The ionotropic glutamate receptor family of proteins is comprised of four subtypes NMDA, AMPA, kainate and delta receptors. Glutamate delta-1 (GluD1) and glutamate delta-2 (GluD2) form the delta family of iGluRs and are distinct from other iGluRs in that they do not exhibit typical agonist-induced ion channel currents (Traynelis et al., 2010, Naur et al., 2007, Yadav et al., 2011, Ady et al., 2014). Instead recent studies have demonstrated a crucial role of the delta receptors in synapse formation by interacting with presynaptic proteins such as Neurexin1 (Uemura et al., 2010, Matsuda et al., 2010, Ryu et al., 2012, Yasumura et al., 2012). Although the synaptic function of GluD2 expressed in Purkinje cells has been extensively studied, the function of GluD1 in native system remains poorly understood. We have previously shown that deletion of GluD1 leads to social deficits and emergence of depression-like and aggressive behavior (Yadav et al., 2012). Furthermore, loss of GluD1 leads to abnormal cognitive functions including, enhanced working memory and deficits in both contextual and cued fear conditioning as well as reversal learning of spatial memory (Yadav et al., 2013). We have also found that social deficits in the GluD1 knockout (KO) mice were amenable to modulation of NMDA receptors by agonist d-cycloserine (Yadav et al., 2012), however, the precise molecular mechanism of this effect is not clear. In agreement with our behavioral studies which suggest that loss of GluD1 leads to emergence of behavioral phenotypes relevant to neuropsychiatric disorders, single nucleotide polymorphism and copy-number variation studies have demonstrated an association of GRID1 gene, that codes for the GluD1 receptor, with autism (Griswold et al., 2012, Glessner et al., 2009, Nord et al., 2011, Smith et al., 2009), as well as schizophrenia and bipolar disorder (Fallin et al., 2005, Edwards et al., 2012, Guo et al., 2007, Greenwood et al., 2011).
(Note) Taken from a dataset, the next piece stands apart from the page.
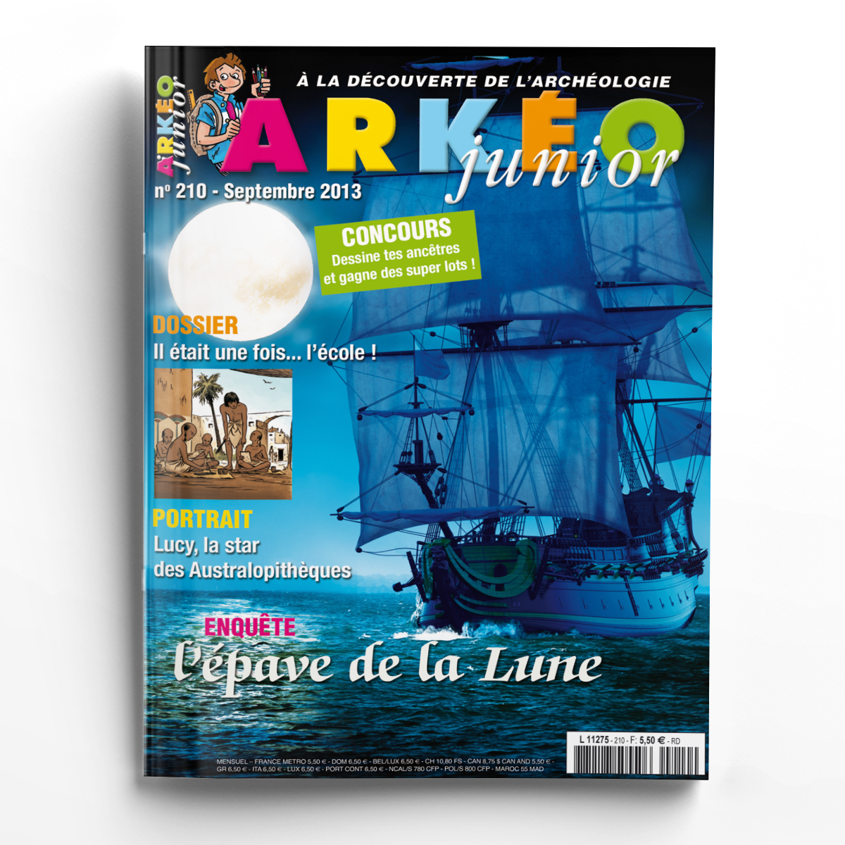 Rentrée scolaire oblige, au sommaire de ce numéro de septembre un dossier sur l'école au temps des Égyptiens, des Grecs, des Romains et au Moyen Âge... histoire de se sentir un peu moins seul le jour-j et se dire que de tous temps les enfants ont pris le même chemin de l'école. Mais avant cela, petit retour sur une plongée incroyable effectuée au large de Toulon par les archéologues du Drassm pour fouiller l'épave de la Lune, une frégate de Louis XIV coulée en 1664. Et autre découverte mémorable, celle de l'australopithèque nommée Lucy et dont le squelette quasi-complet fut mis au jour en Éthiopie en 1974... retour sur une star de la paléontologie. Et à tous et à toutes, une très bonne rentrée !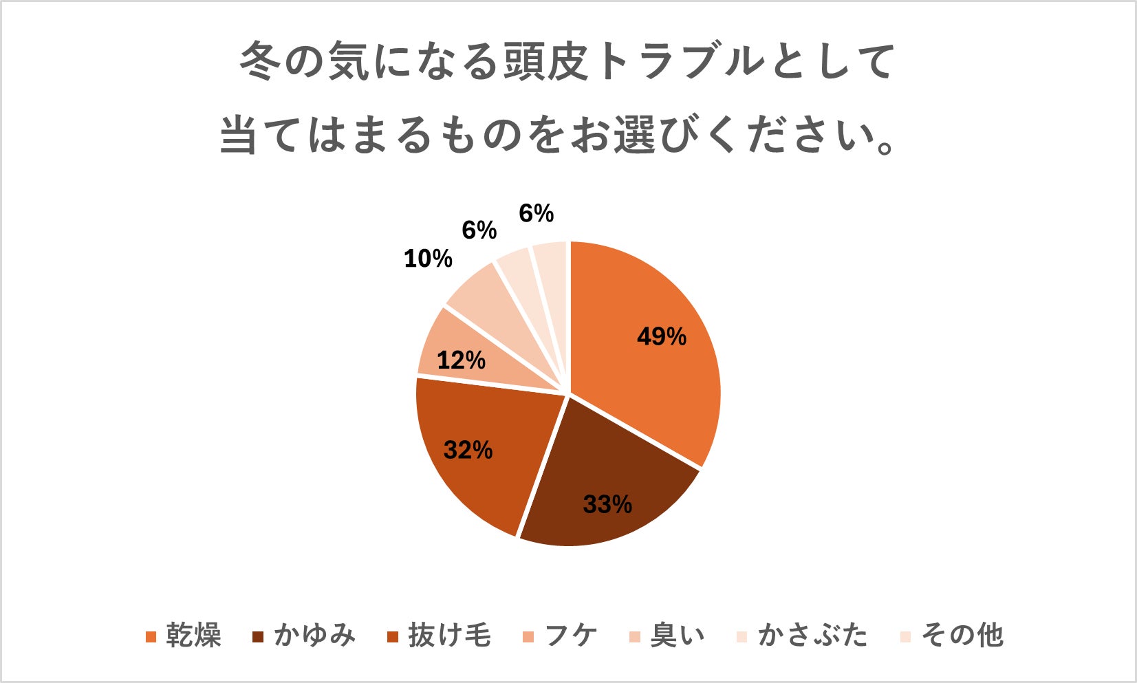 冬の気になる頭皮トラブルとしては、「乾燥」「かゆみ」、そして「抜け毛」に悩む人が多いことがわかりました。また、「フケ」という回答も多くみられます。乾燥や頭皮のかゆみが増すと、フケに繋がる可能性があるので、今後は頭皮のフケにも注意が必要です。

GluD1 is highly expressed in the forebrain including the cortex and hippocampus (Lomeli et al., 1993, Gao et al., 2007, Yadav et al., 2012) and recent studies also indicate expression in cerebellar interneurons (Konno et al., 2014). In the cortex and hippocampus high level of GluD1 mRNA and protein appears in pyramidal neurons (Gao et al., 2007; Lein et al., 2007, Konno et al., 2014, Hepp et al., 2014). GluD1 appears to be particularly localized to spine-like structures in the hippocampus that represent excitatory synapses (Hepp et al., 2014). In this study we have found that pyramidal neurons in adult GluD1 KO medial prefrontal cortex (mPFC) and hippocampus have higher dendritic spine number that may occur due to impaired spine pruning or excessive spine generation. We also observed abnormalities in LIMK1-cofilin signaling which is involved in regulating spine dynamics and a lower NMDA receptor GluN2A/GluN2B subunit expression ratio suggesting a potential impairment in the GluN2B to GluN2A developmental switch (Williams et al., 1993). Moreover, inhibition of GluN2B-containing receptors was found to reverse signaling abnormalities and spine density as well as stereotyped behavior and depression-like behavior in GluD1 KO mice. These results for the first time demonstrate a critical role of GluD1 in maintaining spine dynamics and ability of GluN2B inhibition in reversing the higher spine density which may have implications for disorders such as autism where higher number of spines is a commonly observed neuropathology (Penzes et al., 2011).